In the second and third centuries A.D., some Christian leaders felt it necessary to speak out against a movement of thought that had emerged within the early Church. They believed this new movement conflicted with the orthodox view handed down by the apostles and the Old Testament scriptures. The emerging movement, which was heavily influenced by the ideas of Plato, held that the material world was inherently corrupt and debasing, and our physical bodies were a type of prison. Our souls, on the other hand, were pure and eternal. The end goal of this movement was for one’s soul to be released from the bondage of the physical world, and to exist eternally in an ethereal heaven. This movement became known as Gnosticism.

While self-professed Gnostics are rare today, Gnosticism’s core beliefs live on in various forms, one of them being transhumanism. In its most general sense, transhumanism is not necessarily incompatible with Christianity — they share many of the same values — but there is definitely a prominent thread of transhumanist thought that has more in common with Gnosticism than Orthodoxy.

Consider the attitude that both Gnostics and some transhumanists have toward bodily appetites like food and sex. Because Gnostics greatly devalued the material world and our physical bodies as either unimportant or degrading, many of them engaged in ascetic practices. They would, for example, go on long fasts or strict diets, or abstain from sex altogether. At best, Gnostics viewed bodily pleasures as “worldly” distractions from greater pursuits; at worst, they viewed such pleasures as sinful regressions from their true purpose.

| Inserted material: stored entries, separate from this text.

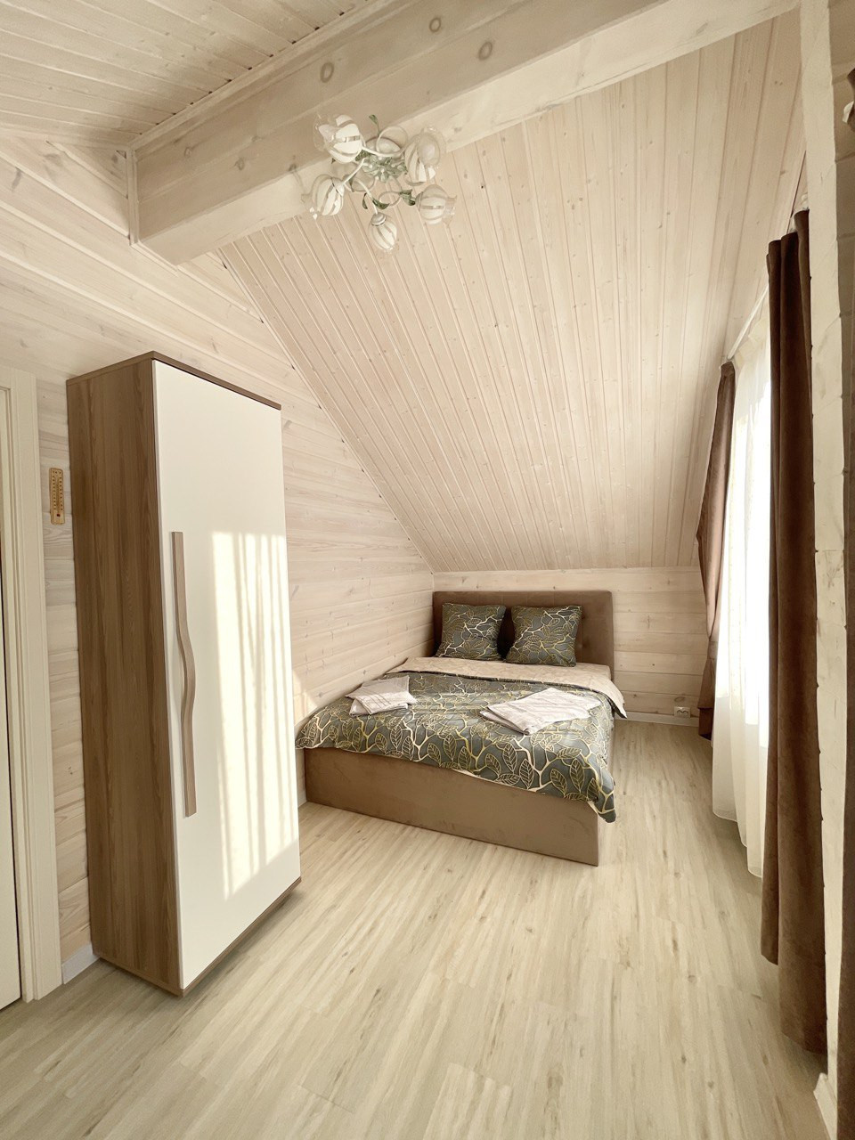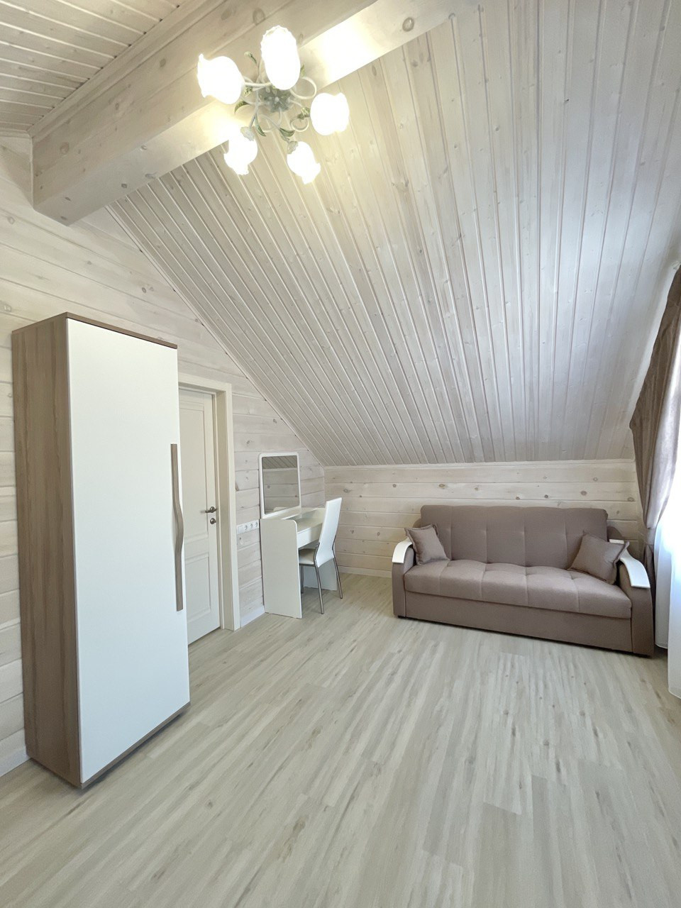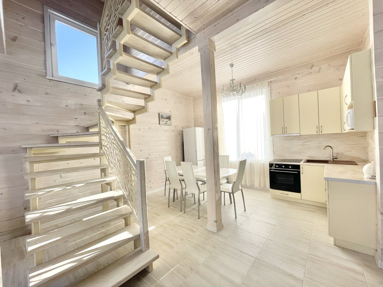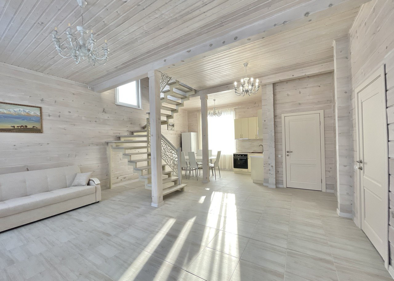 Дом в двух этажах: на первом этаже расположена просторная светлая кухня-гостиная, санузел а на втором этаже две  уютные спальни.
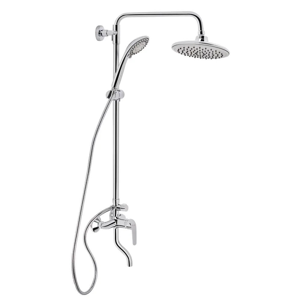 Душова система Qtap Sloup 51104OC забезпечить максимально комфортний прийом душу. Вона складається з телескопічної душової стійки з фіксованим верхнім і компактним ручним душем і змішувача. Тривалий термін служби забезпечують зносостійка латунь і міцний пластик, з яких виготовлено виріб. Лійка для ручного душу має 5 режимів подачі струменя. Керування потоком води здійснюється за допомогою важеля і поворотного дивертора.
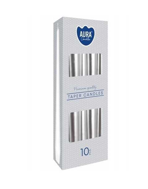 Zestaw zawiera 10 urokliwych świec stołowych Aura w formie stożków, których wyjątkowy design i elegancki charakter dodadzą niepowtarzalnego uroku każdemu pomieszczeniu. Każda z podanych świec bezzapachowych ma imponującą wysokość wynoszącą około 24,5 cm, a jej średnica to 2,3 cm, co nadaje im proporcje, które przyciągają uwagę. Te niezwykłe świece stołowe nadają się doskonale na wiele okazji, podkreślając ich dekoracyjny charakter. Od eleganckich przyjęć świątecznych, przez romantyczne kolacje we dwoje, po uroczystości rodzinne - te świece sprawią, że każda chwila stanie się jeszcze bardziej wyjątkowa. Srebrny metaliczny kolor, w jakim prezentują się świece, jest kluczowy dla ich efektownego wyglądu. Ten odcień dodaje im nie tylko blasku, ale również głębi i elegancji.
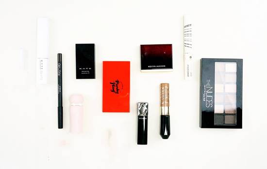 悦诗风吟睫毛膏、美宝莲十二色眼影盘、kiss me染眉膏、ka修容粉、esrique口红be852、KATE三色眉粉、punky hoy眼影盘02、爱丽小屋芭蕾口红、glo&ray眼线胶笔、kate睫毛打底膏。
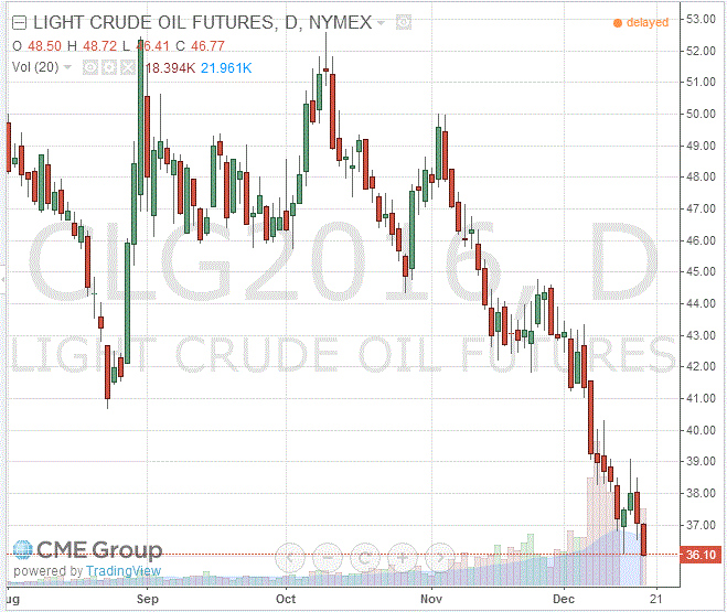 Стоимость февральских на американскую легкую нефть марки WTI (Light Sweet Crude Oil) упала до 36,10 доллара за баррель на Нью-Йоркской товарной бирже.
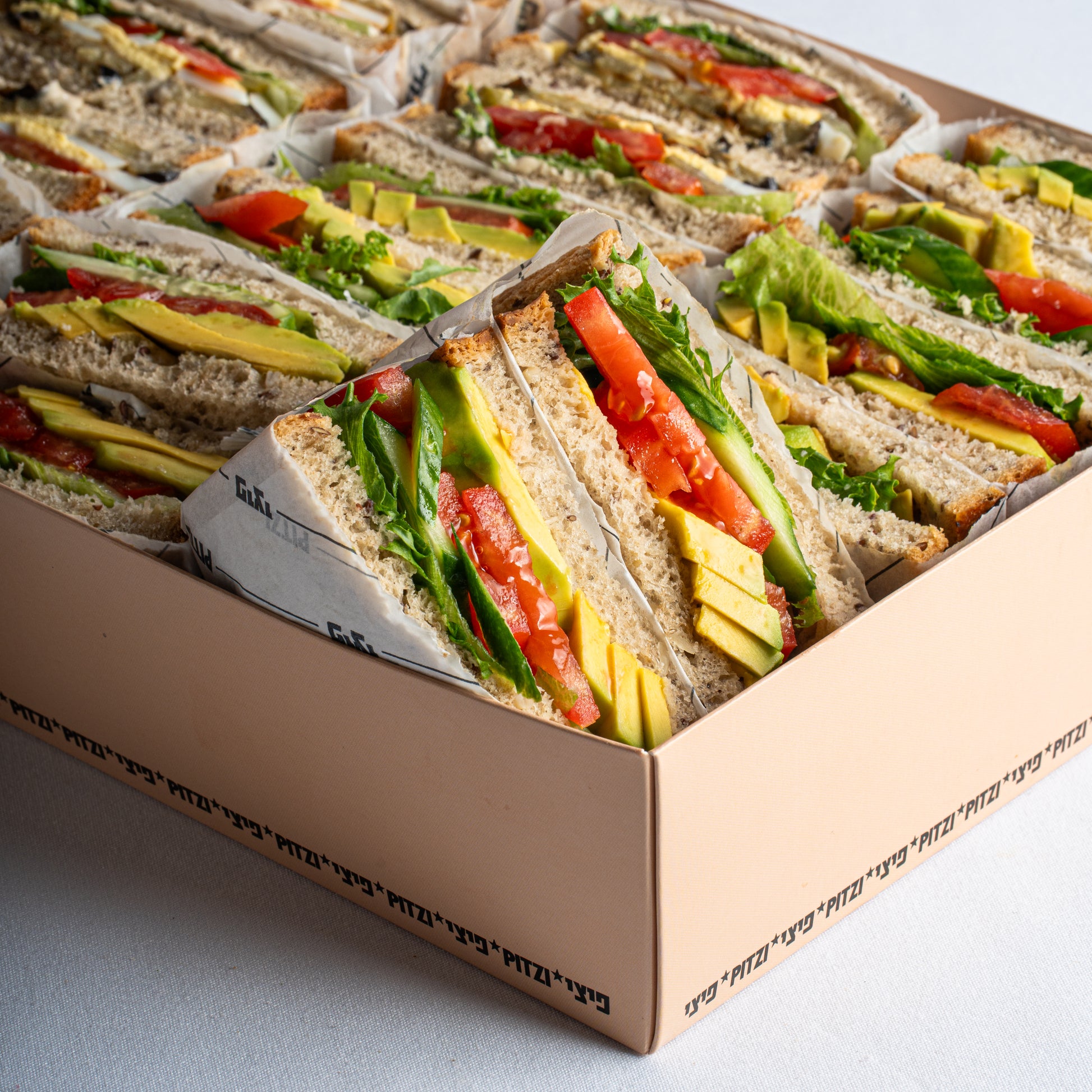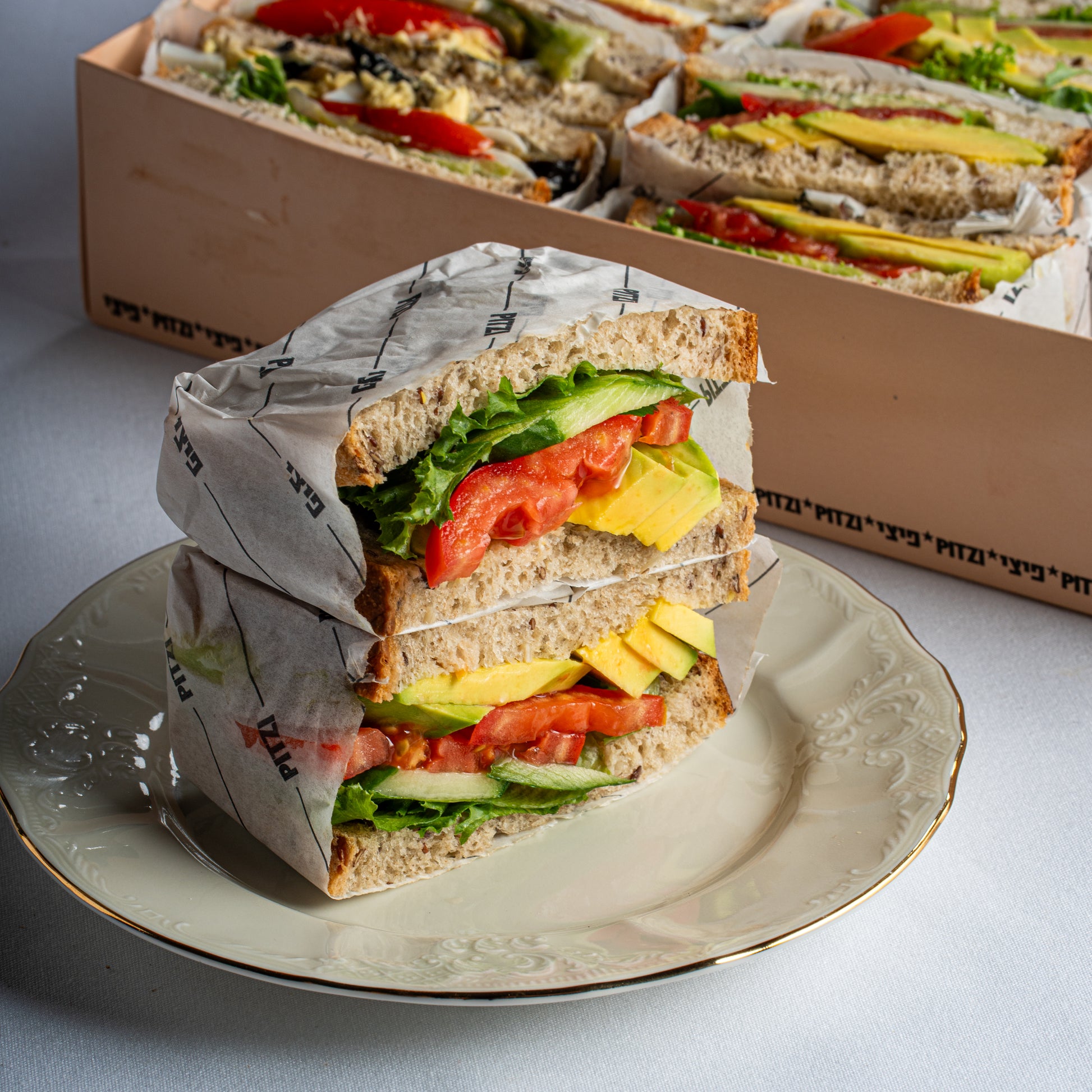 כריכי קסטן דגנים פרוסות אבוקדו טרי, עגבניה, חסה ומלפפון ירוק
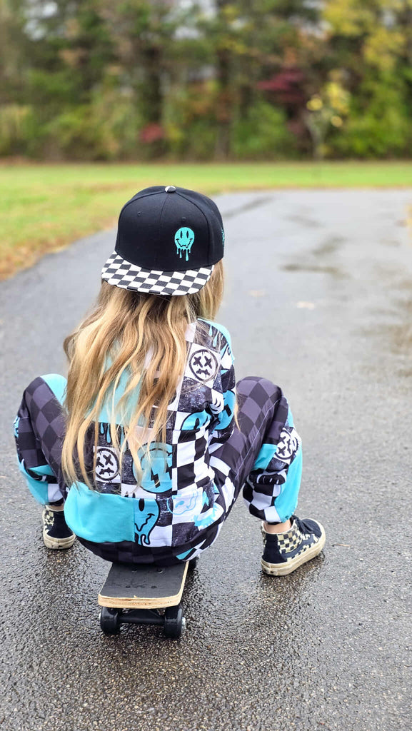 Our Drip Smiley Snapbacks are available in Toddler, Youth, and Adult sizes.
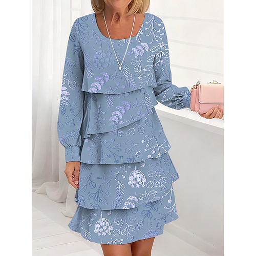 Per donna Mini Abito Abito a Tubino Casual Ferie Uscire Weekend Vestibilità regolare Floreale Grafico Manica Lunga Girocollo Blu Rosa Viola Verde Primavera Autunno Inverno

Christians also abstain from food and sex at times, but for very different reasons. It is not because they view bodily pleasures as unimportant, degrading, or inherently sinful. On the contrary, Christians recognize the inherent goodness and joy of these pleasures, and consider them important gifts from God. However, they might choose to abstain from them for a time in order to practice balance, to refocus, or to simply give up something they enjoy as an act of worship.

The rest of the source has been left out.